Rude Crude Lude etwa trägt schon im Titel dieses schöne Dreifach-Grinsen: unhöflich, roh, anzüglich. Da ist sofort Körper im Spiel, Sprache als Reibung, Stimme als Bewegung. What Is Stand-Up? mit Ala.ni stellt die titelgebende Frage nicht wie ein Lexikon, sondern wie ein Groove, der selbst nach einer Antwort sucht. Stand-Up Like Richard mit Vic Mensa bringt Hip-Hop nicht als modernisierendes Gewürz hinein, sondern als legitime Fortsetzung derselben Tradition: Rhythmus im Sprechen, Haltung im Timing, Kampf im Flow. Und wenn später Titel wie A First Lady, A Raunchy Comedian, Dulce oder Killed by Police auftauchen, ist klar, dass das Lachen auf dieser Platte nie unschuldig ist. Es ist schön. Aber nicht harmlos.

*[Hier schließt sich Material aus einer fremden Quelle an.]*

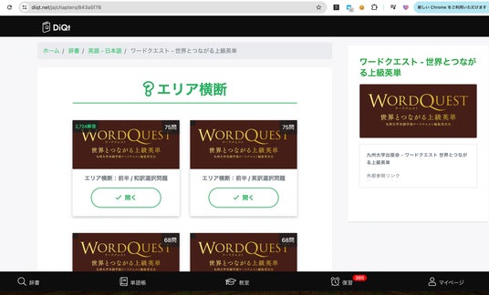 九州大学共創学部の制作した「世界とつながる上級英単」WordQuest(ワードクエスト)が、DiQt(ディクト)上で効率的に学習できるようになりました。
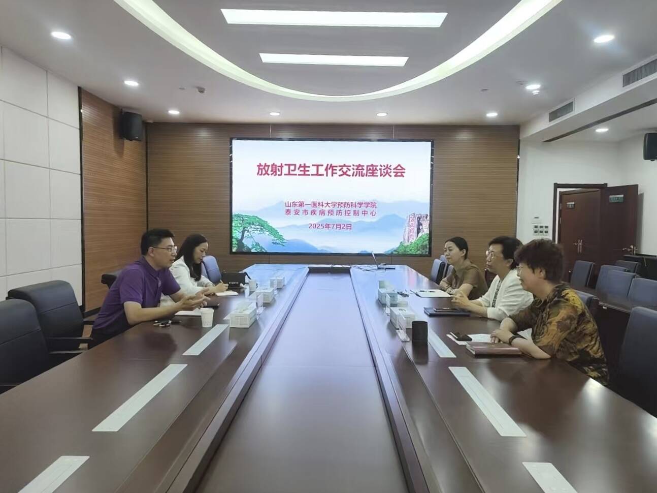7月2日,mk体育党委(党总支)书记张勇一行赴泰安市疾病预防控制中心,双方围绕放射卫生领域战略合作展开座谈,聚焦校地协同机制构建与高质量发展路径,深入交流合作事宜。泰安市疾病预防控制中心党委副书记、主任王英,党委委员、副主任杨冬芳及放射卫生科负责人出席座谈会。

Das macht Funny How? so stark: Die Platte verwechselt Zugänglichkeit nicht mit Vereinfachung. Sie ist möglicherweise Chassols zugänglichstes Werk, aber nicht, weil er weniger macht. Sondern weil er seine Komplexität besser tanzen lässt. Der offizielle Albumtext spricht von einem zeitgenössischeren Sound, reicherem Songwriting und stärker politischen sowie sozialen Themen. Das stimmt, aber es klingt noch zu trocken für das, was hier passiert. Hier wird nicht einfach ein künstlerisches Konzept aktualisiert. Hier wird eine Methode emotional.

Als Liebhaber von Jazz, Hip-Hop und französischer Popmusik fühlt sich diese Platte beinahe unanständig passgenau an. Sie trifft genau diese merkwürdige Schnittmenge, in der ein Akkord von Bill Evans, ein Loop von J Dilla, die Eleganz von Air, die rhythmische Intelligenz von Steve Reich, die Chanson-Verweigerung eines Bertrand Burgalat und die Black-American-Timing-Schule der Comedy plötzlich am selben Tresen stehen könnten. Niemand muss sich vorstellen. Alle wissen, warum sie da sind.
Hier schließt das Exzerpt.